Justice William H. Rehnquist: But what if it weren't there after submitted to a court?
What if it were simply a naked affidavit?
Mr. Andrew L. Frey: Well, I would say that if he simply prepared an affidavit and put it in a mail to Musgrave's lawyer, that would be a much more difficult case I'm not clear that we would contend that that was the proceeding ancillary to the Court.
Justice Potter Stewart: Or the affidavit had --- this was filed in the Court?
Mr. Andrew L. Frey: Indeed, it was -- he testified in the Court that the statements that he had made were wholly true and that is grand jury testimony.
Justice Potter Stewart: But the affidavit itself was filed and was the basis for the motion, wasn't it?
Mr. Andrew L. Frey: I think so.
Justice Potter Stewart: On which there was a hearing.
Is that correct?
Mr. Andrew L. Frey: That's right.
And it definitely affected the provision process.
Justice Potter Stewart: So that incident was quite similar to an affidavit filed in support or an opposition to a motion for summary judgment.
Mr. Andrew L. Frey: Absolutely, yes it's very similar to that.
Justice William O. Douglas: As I understand your position which I'm sure I'm right.
You would take the same position if instead of happening it in the lawyer's office the lawyer would send an investigator out to his house for example.
You got to him sign the affidavit and then they never even filed the affidavit in court you'd still say the same thing.
Mr. Andrew L. Frey: Well, I suggested that I would have a lot more difficulty with that.
Justice William O. Douglas: Why?
What's the difference between that?
Mr. Andrew L. Frey: Well, because if it was never filed in Court, I think it would depend on more facts if he went and he said we want you to make a statement in connection with a judicial proceeding.
Justice William O. Douglas: Right.(Voice Overlap)
Mr. Andrew L. Frey: And then I think there was an argument that that would be ancillary to a court which is --
Justice William O. Douglas: And simply, your argument is exactly the same if I read your brief correctly.
Mr. Andrew L. Frey: Well, --
Justice William O. Douglas: If you don't require it to actually be filed under your theory.
Mr. Andrew L. Frey: We do not -- that's right, our theory does not depend on some --
Justice William O. Douglas: And I don't think it makes any difference if it's in a lawyer's office.
It's a sworn statement for use in connection with the allegation.
Mr. Andrew L. Frey: Yes, that's correct.
Justice William O. Douglas: Yes.
Justice Thurgood Marshall: I'm worried about the trappings I used at (Inaudible) that you need to bring this under the Court.
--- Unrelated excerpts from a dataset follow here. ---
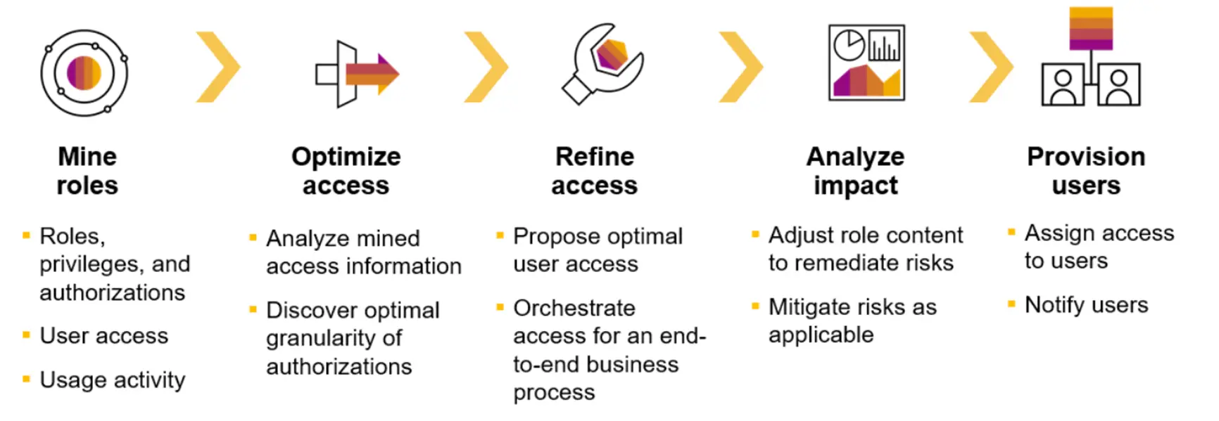 It also ensures that users have optimized access assignments. Refer to the diagram for an illustration of this functionality.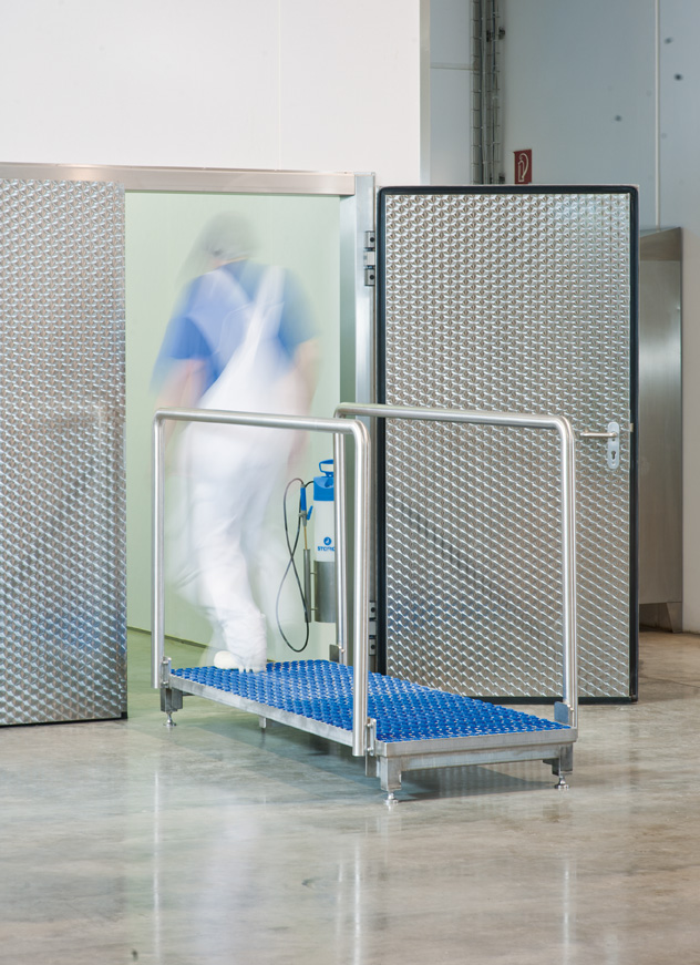 Um eine Verschleppung von Feuchtigkeit in andere Bereiche des Betriebes zu verhindern, empfehlen wir im Anschluss an die Sohlenreinigungsschleuse die Verwendung von stark wassersaugenden Fussmatten. Diese saugen die an den Sohlen haftende Feuchtigkeit ab und zeichnen sich durch eine grosse Aufnahmekapazität aus.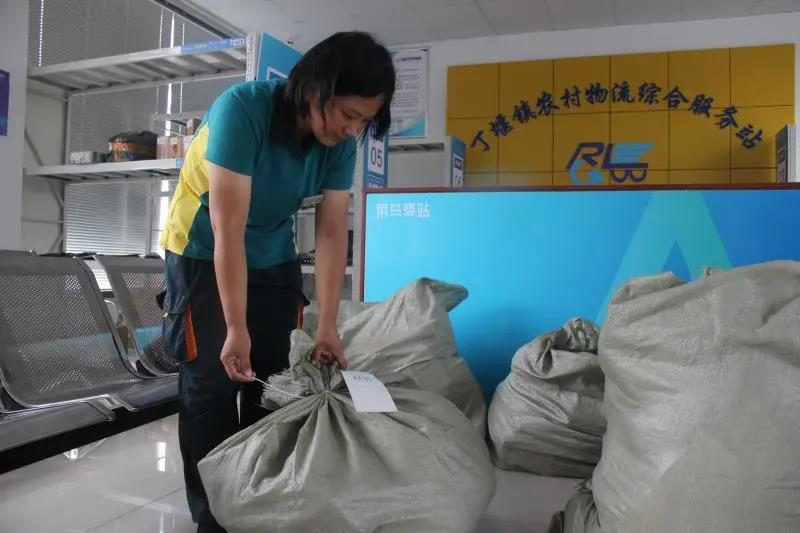 🔺 农村物流综合服务站的工作人员在分类打包包裹。

For example, suppose they got one to the bar and (Inaudible)?
Mr. Andrew L. Frey: Well, you mean if he gave a sworn statement which was made before somebody authorize to administer oaths and he know --
Justice Thurgood Marshall: Bar and (Inaudible).
Mr. Andrew L. Frey: Well, --
Justice Thurgood Marshall: To try your false in the Court as I can.
Mr. Andrew L. Frey: I'm afraid that our position would still be as Justice Stevens suggested that would be ancillary to a court that might be question if it was in a bar by whether it was drunk and knew what he was doing which would go to his guilt in terms because the statements have to be knowing statement.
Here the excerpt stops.